AERTW — Aeries Technology, Inc
NASDAQ
Q4 2025 Earnings Call Summary
July 3, 2025
AERTW Q4 2025 Earnings Call Summary
1. Key Financial Results and Metrics
- Total Revenue: $70.2 million, down from $72.5 million in FY 2024, primarily due to the exit from the Middle East market.
- North America Revenue: Grew 15% year-over-year from $57 million to $65.5 million, reflecting strong performance in core markets.
- Gross Profit: $16.7 million, with a margin of 23.8%.
- Operating Loss: $28.8 million.
- Adjusted EBITDA: Negative $4.7 million; however, core adjusted EBITDA was positive at $7.4 million, exceeding guidance of $6 million to $7 million and marking a 365% increase from $1.6 million in the previous year.
- Net Loss: $21.6 million.
- Cash Position: Ended the year with $2.8 million in cash and $1.1 million in long-term debt.
2. Strategic Updates and Business Highlights
- AERTW focused on realigning its strategy towards private equity-backed companies and away from lower-value noncore geographies, notably exiting the Middle East consulting market.
- The company emphasized its Global Capability Center (GCC) model, which is now central to its operations, facilitating scalable capabilities in technology and operations.
- New partnerships were established, including collaborations with a global cybersecurity provider and a SaaS company in sustainability, to develop AI-driven GCCs in India and Mexico.
- AERTW launched an AI-centered GCC framework aimed at enhancing digital transformation initiatives for clients.
3. Forward Guidance and Outlook
- For FY 2026, AERTW projects revenue between $74 million and $80 million and adjusted EBITDA between $6 million and $8 million.

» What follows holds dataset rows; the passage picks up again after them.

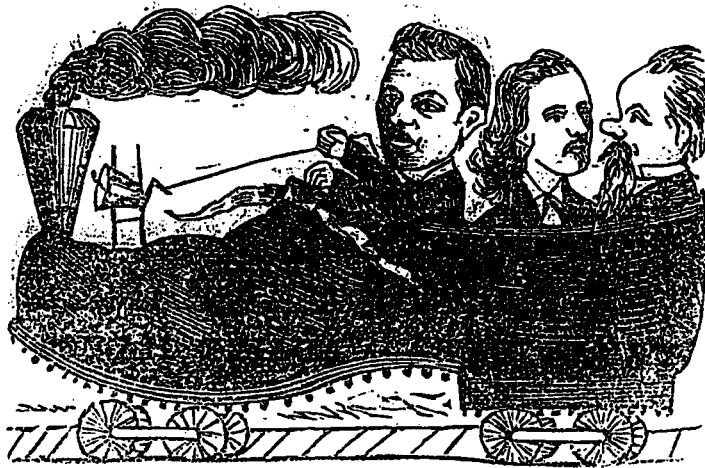
LE RETOUR DE QUEBEC.—Les orateurs reviennent dans le soubresaut de notre populaire échevin.

N'ayez aucune inquiétude pour la clientèle. Il y a au moins six mille personnes sans emploi dans la ville de Montréal. Sur ce nombre vous pouvez être certain de trouver deux mille âmes assez crédules pour vous donner 50 cents avec l'espoir que vous leur donniez du travail.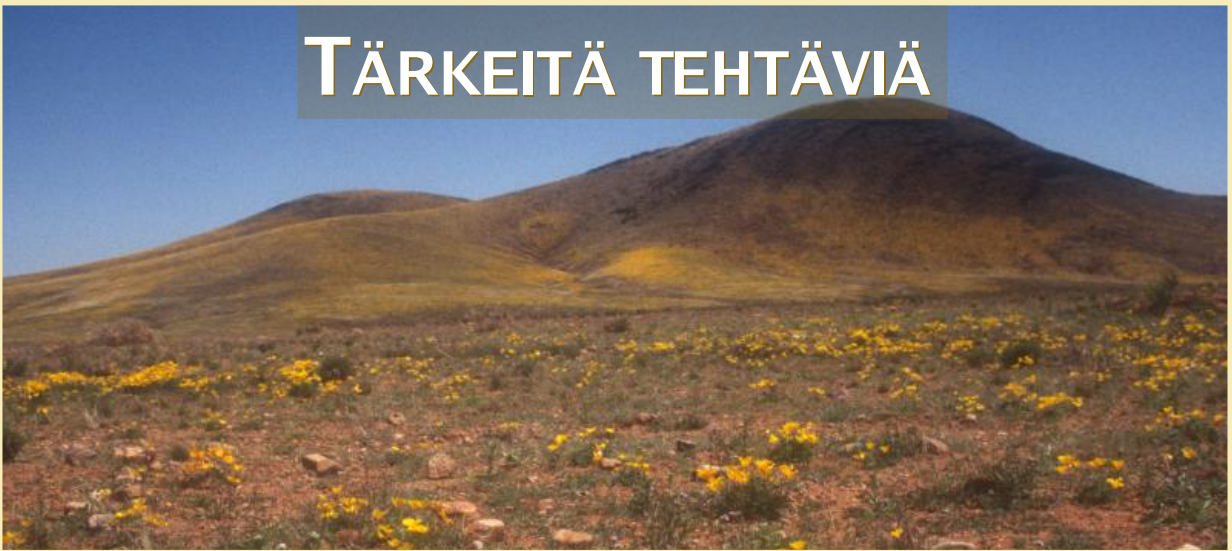
Eschscholzia californica , tuliunikko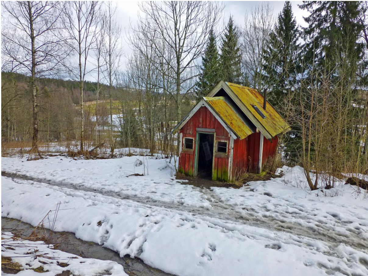
Saghytta ved Murenveien nær Øverland står for fall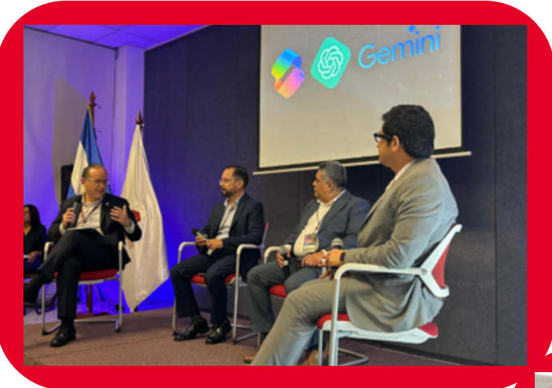
I Foro Ejecutivo: “IA y el Nuevo Marco Empresarial”

ISEADE, imparte conferencias y foros con el apoyo de sus catedráticos nacionales e internacionales. Las conferencias son gratuitas y están abiertas a diversos públicos, según la temática a desarrollar. Este año se impartieron las siguientes: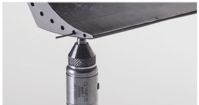
使用目标钢线对涡轮叶片进行测量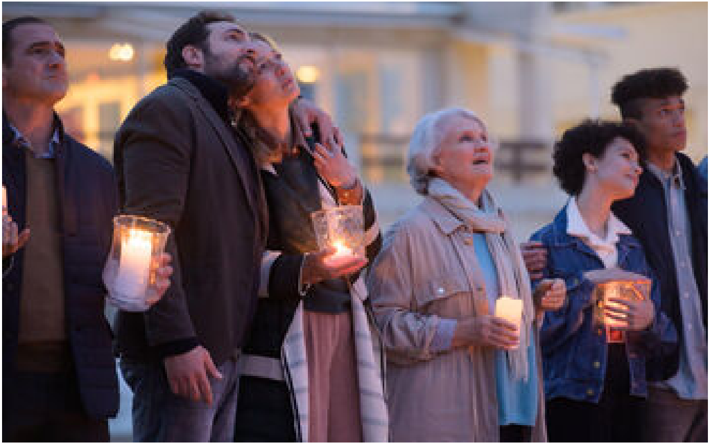
« Et doucement rallumer les étoiles » sur France 2 : un téléfilm pour alerter sur le suicide des jeunes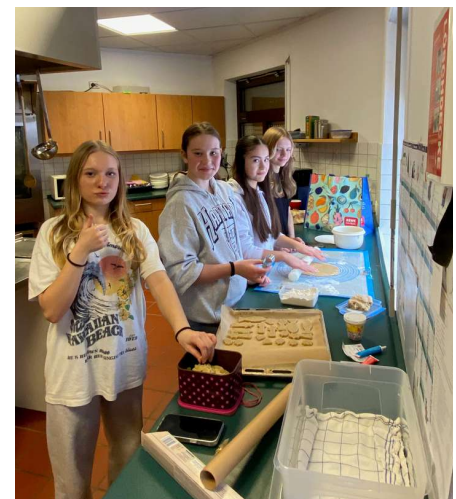
Die Mädchen backen die Plätzchen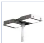
12661 TESTA PALO 1X-2X D=60-76MM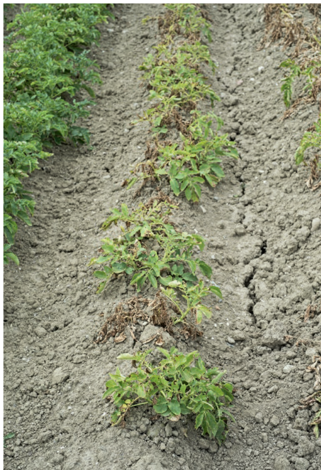
Abb. 4 | Die Sorte Charlotte leidet unter der Trockenheit und stirbt rasch ab. Ein Befall durch Alternaria ( Alternaria solani ), Colletotrichum-Welke ( Colletotrichum coccodes ) oder Verticillium-Welke ( Verticillium spp.) am Ende der Vegetationsperiode kann das Absterben bei trockenen und heissen Wetterbedingungen beschleunigen.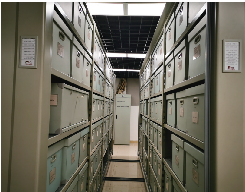
图二 有机质藏品存入无酸纸囊匣,柜架张贴号段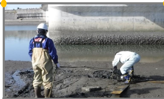
中津出張所スタッフによる 不法投棄自転車の引き上げ作業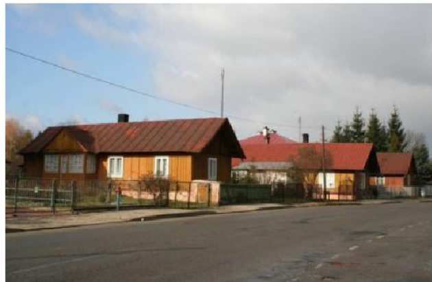
Ryc. 2. Ulica Gen. Dąbka.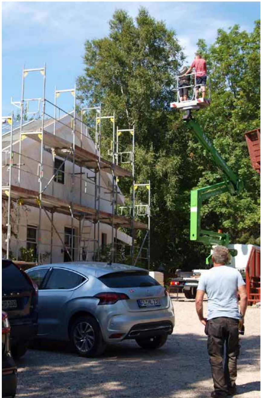
Taget på møllerens hus undersøges fra en lift.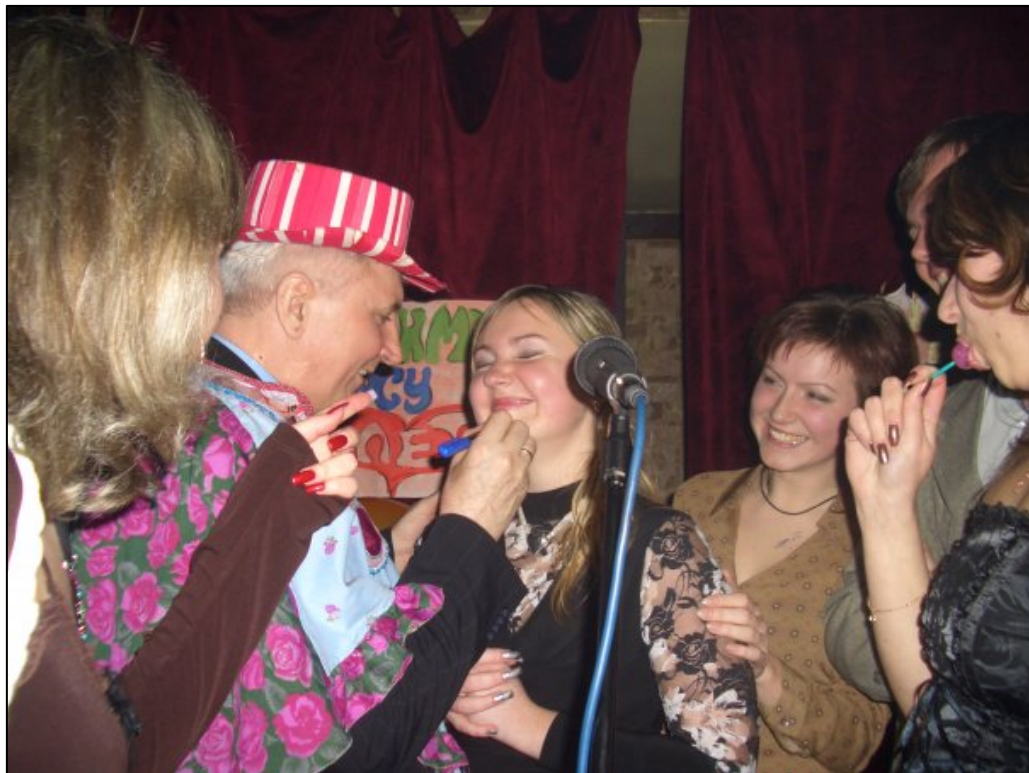
Студентський капусник (Запоріжжя, 2004)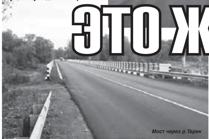
Мост через р. Терек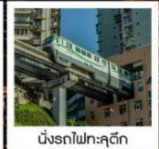
นังกรไฟทะเลตุ๊ก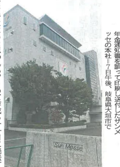
年金通知書を送って印刷し送付したサンメッセの本社。7日午後、岐阜県大垣市で

ク項目では印字のかすれや位置のずれがないかという点に加え、表裏が一致しているか確認することになっていたが、怠ったという。誤った内容のはがきは四日に発送を開始。六日朝、はがきの品質管理担当者、宛名面と通知面異なる管理番号の通知書を見つけ、印刷ミスに気付いた。すぐに発送を止めたが、間に合わずに受給者に届いたのは九十七万件余り上った。同社は、昨年も年金振込通知書の作成などの業務を受託したという。幹部は「担当者は「確認したつもりになってた」と話すが、チェックが甘かったのは今回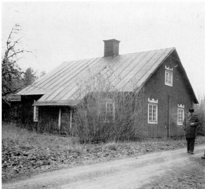
Bild 1. Den gamla smedstugan vid Älvkarleö, nu inredd till hembygdsmuseum av Älvkarleby hembygdsförening.

många älvkarleöbor, som i smedslägenheten »känner igen» sitt barn-doms-hem.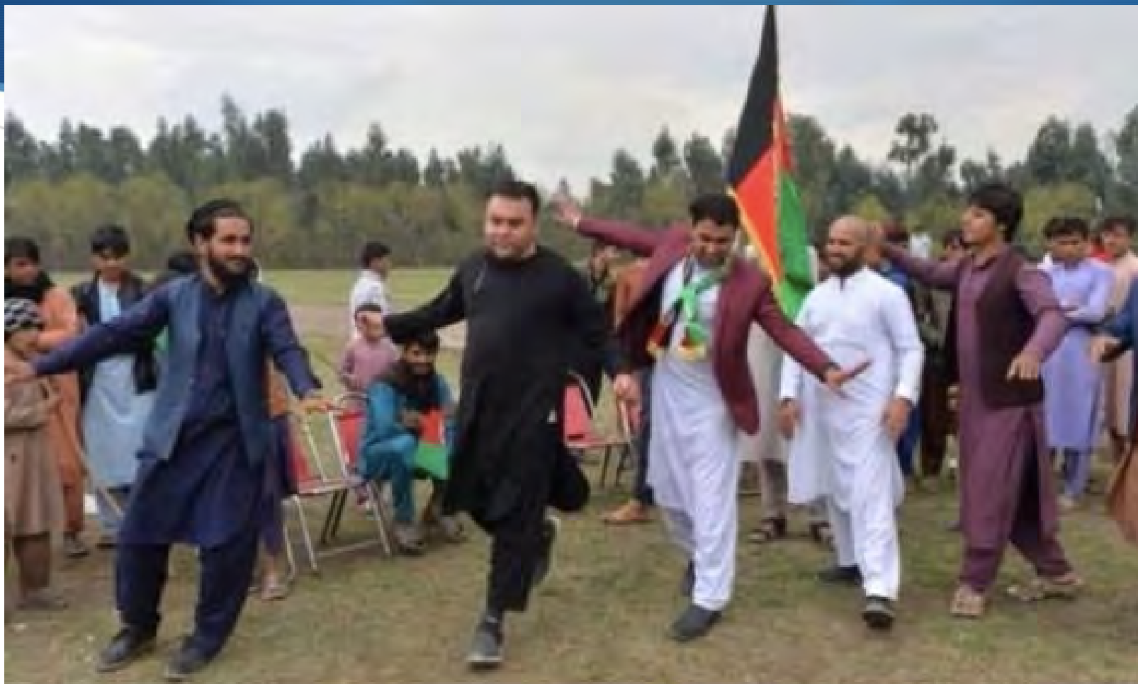
阿富汗人對這一消息感到高興。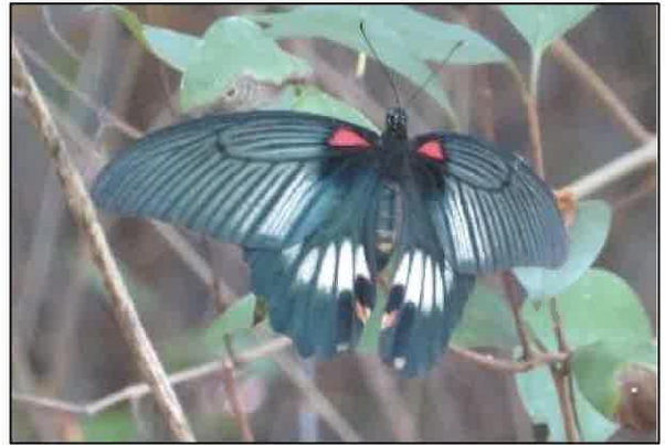
「共生の森」にやってきた 29 番目の蝶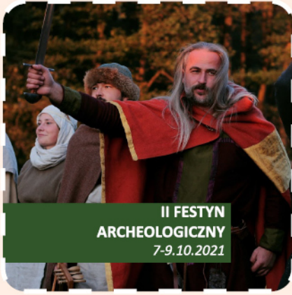
II FESTYN ARCHEOLOGICZNY 7-9.10.2021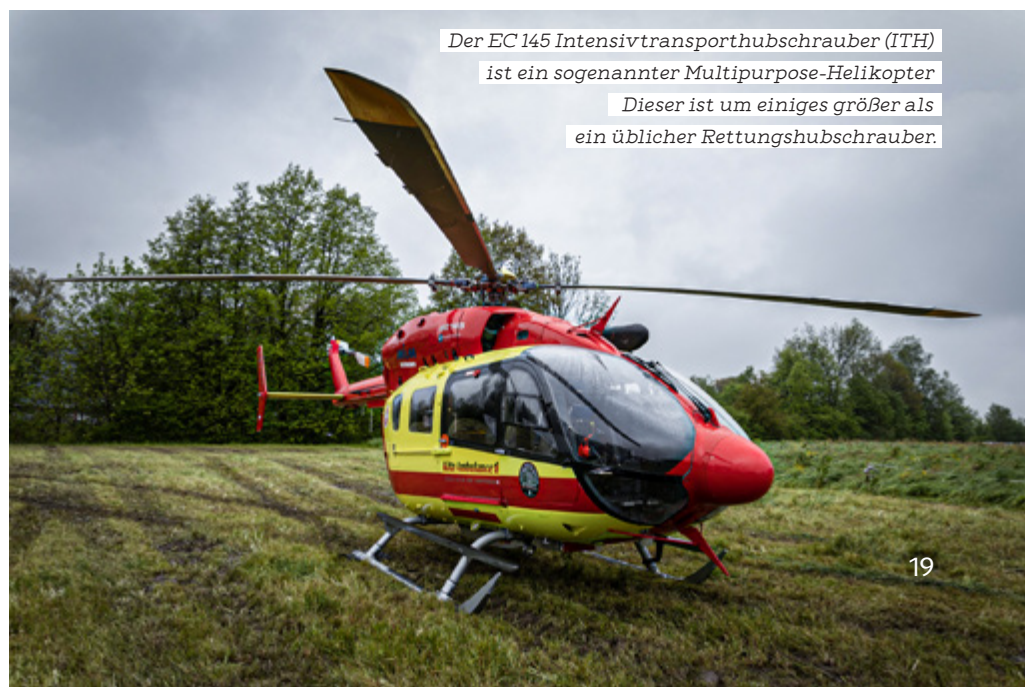
Der EC 145 Intensivtransporthubschrauber (ITH) ist ein sogenannter Multipurpose-Helikopter. Dieser ist um einiges größer als ein üblicher Rettungshubschrauber.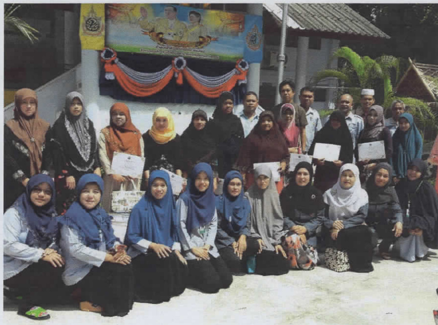
ประกวดบ้านสะอาด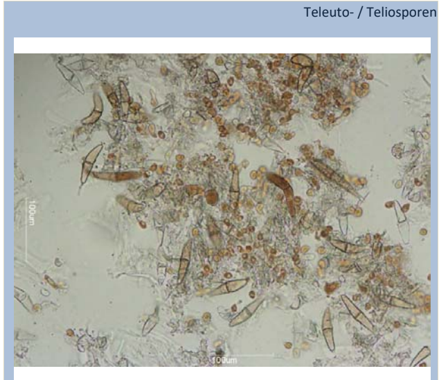
Teleuto- / Teliosporen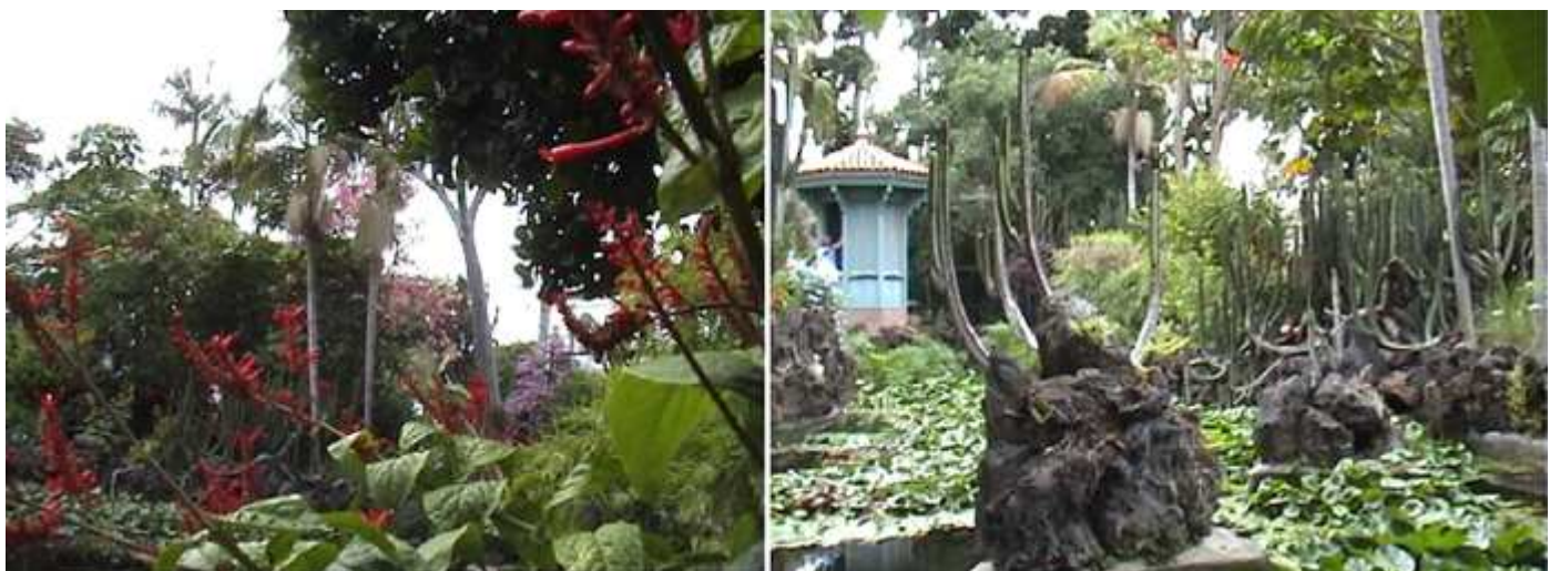
1 Otra zona frondosa. 2 Detalle del quisco junto al lago o estanque.

Una gran tranquilidad, rodea los estanques y arboleda y ofrecen rincones inimaginables.

- The outlook is supported by strong client traction, deepening partnerships, and an expanding private equity network, bolstered by the recent hiring of a Chief Growth and Strategy Officer.
4. Bad News, Challenges, or Points of Concern
- The slight decline in total revenue due to the exit from the Middle East market could indicate potential vulnerabilities in revenue diversification.
- The operating loss of $28.8 million and negative adjusted EBITDA may raise concerns about profitability and operational efficiency.
- Transitioning away from core adjusted EBITDA as a separate metric could obscure performance trends in the future.
5. Notable Q&A Insights
- The management expressed confidence in the scalability of the GCC model and its alignment with client needs for digital transformation.
- There were discussions about the expected reduction in stock-based compensation and the completion of restructuring efforts, which should improve financial metrics moving forward.
- Management highlighted the importance of maintaining strong relationships with private equity firms and the anticipated benefits of recent strategic hires to drive growth.
Overall, AERTW demonstrated resilience and strategic focus in FY 2025, positioning itself for growth in FY 2026 despite some ongoing challenges.